Teza

A review
September 11, 2009
By Brian Gilmore

“Teza,” Haile Gerima’s award winning film, is the kind of cinema that is a beginning. It will summon the viewer to want to know more, but most of all, to understand the story’s larger historical questions. You will witness early on that Gerima is speaking to the African Diaspora in “Teza” because the issues in “Teza” are of that world.

“Through ‘Teza,’” Gerima wrote recently, “I have the opportunity to tell a story about Africans who find their lives, and subsequently their psyches, dislocated by a series of complicated and unforeseen historical circumstances.” Like in Gerima’s 1993 classic, “Sankofa,” the first film to approach the issue of African slavery in the west with honesty, the forces at the heart of “Teza” transcend the personal drama of the film and ponder history. 

“Teza” finds Anberber, a middle aged native Ethiopian returning home from Europe (Germany) to his village in Ethiopia after being away for years. He is scarred emotionally and physically, and as Gerima notes is seeking to “reconcile with a past…that he can’t easily forget…” The film is smothered in the culture and history of Gerima’s Ethiopia throughout and this provides an intense juxtaposition for Anberber’s anguish revealed religiously through flashback.

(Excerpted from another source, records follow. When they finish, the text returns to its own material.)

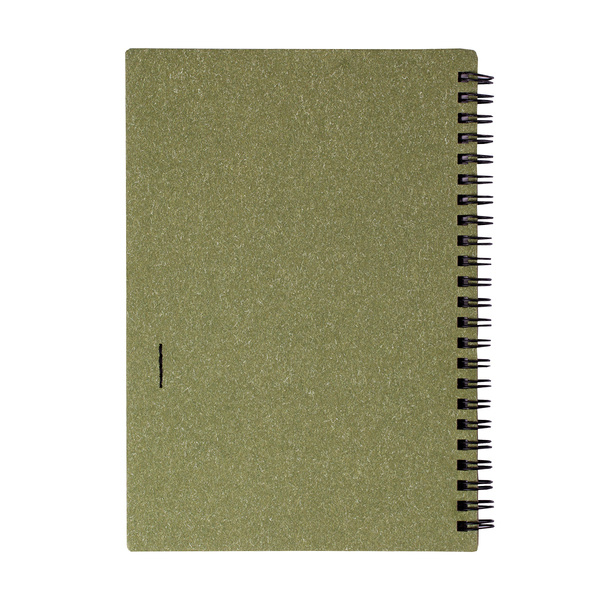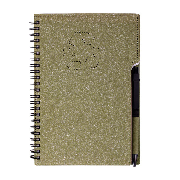 Eko notes w twardej oprawie z dołączonym długopisem w rozmiarze biurkowym (zbliżony do A5 lub większy).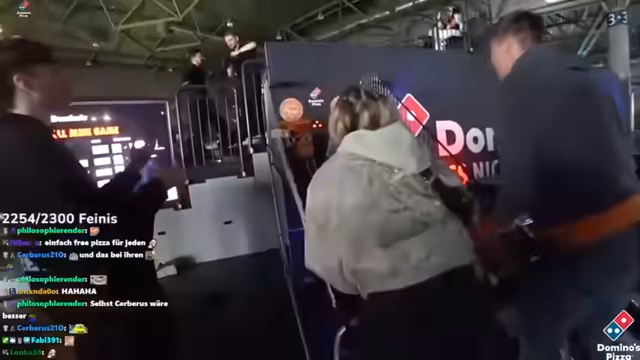 02:55:12Die Streamerin geht am Domino's Truck vorbei und erwähnt, dass Domino's ein großer Sponsor ist und die LAN-Area carried. Sie scherzt darüber, dass ihre Freunde und Verwandte sie immer nach Gutscheinen fragen, seit sie die Clips sehen. Die Streamerin sagt, dass sie mehr Gutscheine braucht und sie immer an andere gibt. Es wird ein Pick-up-Point erwähnt, wo die Leute Pizzen bestellen und abholen können. Die Streamerin fragt, ob es keine geklauten Pizzen gibt. Sie kommentiert das Wetter und findet es geil. Die Streamerin sagt, dass es bewölkt war, als sie ankamen. Sie kommentiert, dass alle Augen auf sie gerichtet sind. Die Streamerin sagt, dass der Truck ein großes Teil ist und hier draußen nur Dominos ist. Sie fragt, ob sie sich reingekauft haben. Die Streamerin fragt nach der Verkaufsrate von Dominos und erfährt, dass der Truck die meisten Pizzen in Deutschland verkauft hat. Sie kommentiert, dass es schön ist, wie es draußen ist. Die Streamerin sagt, dass man sich wie giga-fame fühlt mit einer Kamera. Sie fragt, ob Rüsen überhaupt hier ist.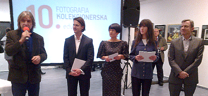 Od lewej: Prezes Okregu Warszawskiego Związku Polskich Artystów Plastyków Jacek Maślankiewicz, Rafał Kamecki reprezentujący Art.Info, Kasia Sagatowska i Katarzyna Majak, współorganizatorki aukcji, Krzysztof Madelski, kolekcjoner. Fot. K. Wojciechowski.Dziesiąta już Aukcja Fotografii Kolekcjonerskiej odbyła się prawie rok po poprzedniej i miała miejsce tak samo w warszawskim Domu Plastyka na ul. Mazowieckiej. Znajdująca się na drugim piętrze sala wystawowa umożliwiła zorganizowanie wystawy przedaukcyjnej w sposób klarowny, pozwalający objąć jednym spojrzeniem znaczną część ekspozycji. Prace były bardzo dobrze oprawione a co najważniejsze były to dobre prace, chociaż trudno byłoby ich wybór, np. w odniesieniu do kategorii „po 1990” uznać za odzwierciedlający stan polskiej fotografii. Właśnie wśród autorów prac powstałych po roku 1990 uderza znikoma liczba tych, który byli aktywni w latach 70. i 80. dwudziestego wieku. Nadal stosunkowo wyższe są ceny wywoławcze prac młodych autorów, co czasami uzasadniać mogą koszty produkcji (dibond itp.).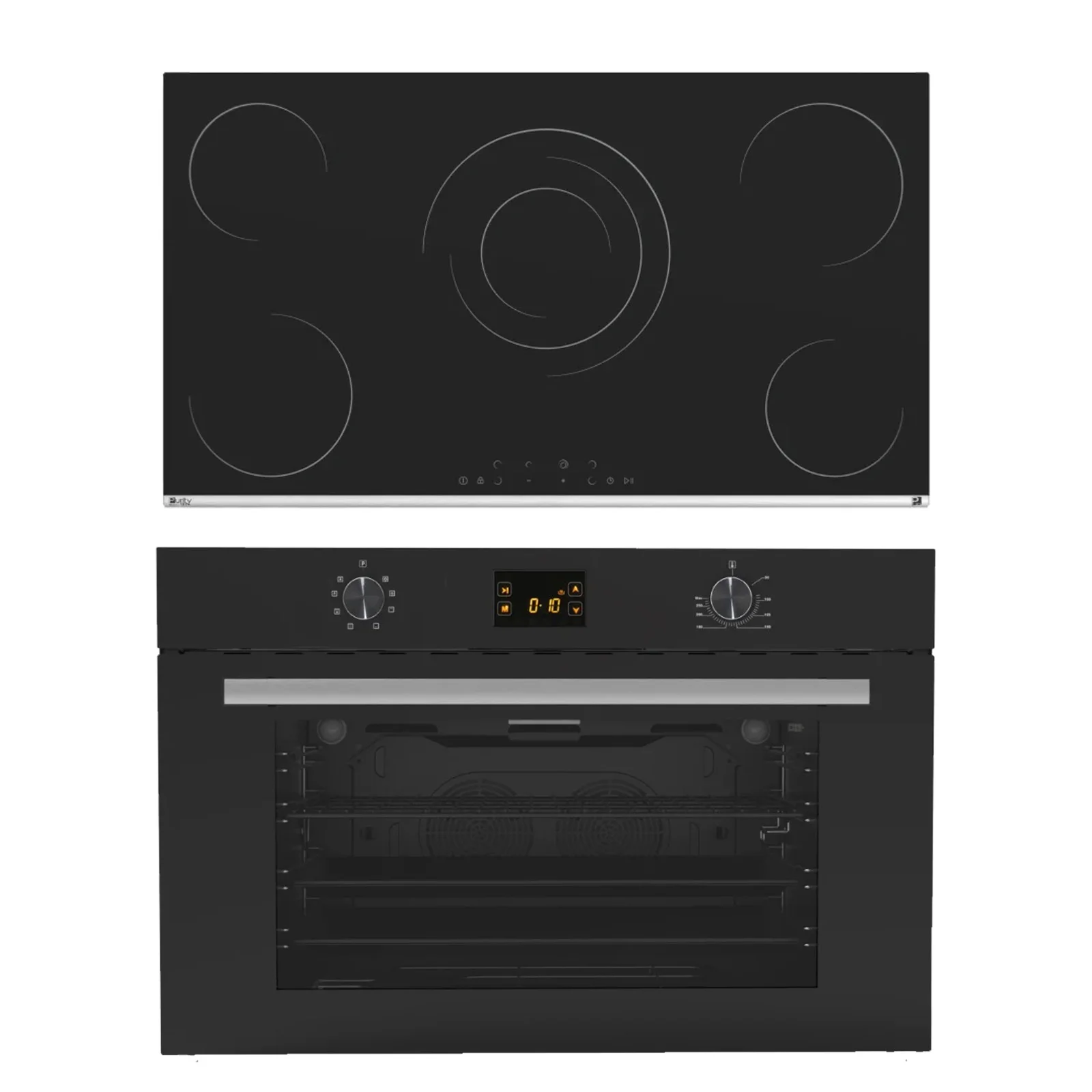 بيورتي بوتاجاز كهرباء بلت إن،90 سم، 5 شعلة، HPREE V9050 مع فرن كهرباء بلت إن، 90 سم، 105 لتر، ديجيتال، مروحة تبريد، KPT909EED GBL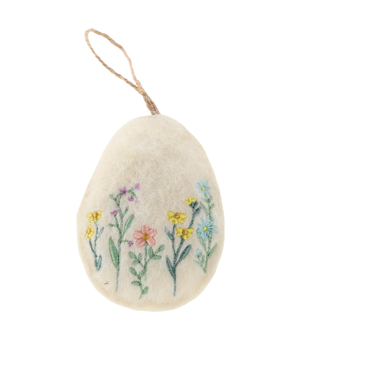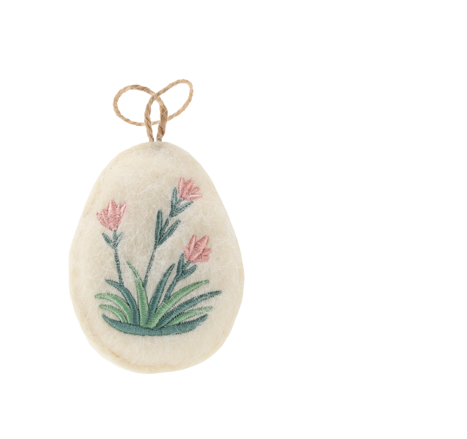 Ovaj elegantni uskršnji ukras u obliku jajeta ističe se finim cvjetnim vezom i pažljivom izradom. Zahvaljujući praktičnoj omčici lako ga objesite na grančice, pletene vijence ili u prozor. Set od 12 komada u dva uzorka omogućuje vam uskladiti dekor u jedinstven stil ili ga razigrano mijenjati.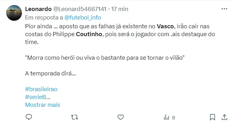 O mandatário explicou que se não houver “uma saída pronta (um comprador), muito dinheiro novo entrando ou um mega plano na manga, o certo é não contratar o Coutinho e ainda precisaria rápido diminuir custos”.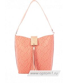 Сумка женская со змеиным принтом, цвет персик. 1 отделение.Задняя стенка: карман на молнии. Внутри: 2  кармана на молнии, карман для телефона, открытый карман. Размеры: Высота без ручек: 27,5 см, с ручками 52 см. Длина: по нижней части - 24 см, по верхней - 30 см. Ширина дна: 10 см.

Anberber, a beloved figure in his village, experienced torment, humiliation, and personal loss at the hands of the government when he was in Ethiopia trying to serve the rural poor as a doctor before he departed. But then in Germany, the exile nation, Anberber also faces violence (racial violence) and he is thereafter seemingly in no man’s land: there is no solace abroad, and his own country is locked in an incomprehensible struggle. His life is disruption, but he is a man seeking to put his life back together, and to a certain degree, to put Ethiopia back together slowly, along with everyone else despite the impossibility of the task.

Beneath this thickly woven tale; however, is the real story, or more appropriately, Gerima’s vision: “independent cinema” that explores themes of “identity, liberation, and remembrance…” Thus, “Teza” is universal but also overtly African in what it seems to reveal: the struggle against western imperialism, the importance of tradition, and the intersection of these forces.

The film becomes like Ali Mazrui’s “The Africans,” fusing religion, culture and history, and the impact of the west upon Africa (in this case, one country) into one solid statement. Like “The Africans,” “Teza” is ongoing tragedy. The world and Ethiopians largely misunderstand the damage done to the country across the diaspora as a result of their own mistakes and choices and the various battles with the west that are not yet concluded.

It is engaging to view and experience a film that explores these areas considering they are seldom considered, especially so in America, amongst individuals of African descent. As Gerima notes of his vision: “The history, culture, and socio-economic well being of all peoples of African descent is my primary concern, but above all the preservation of their humanity is what motivates me as a filmmaker.”

Gerima has delivered a film that accomplishes his goal but also tells an anguishing personal tale of a man who simply wants to be a man.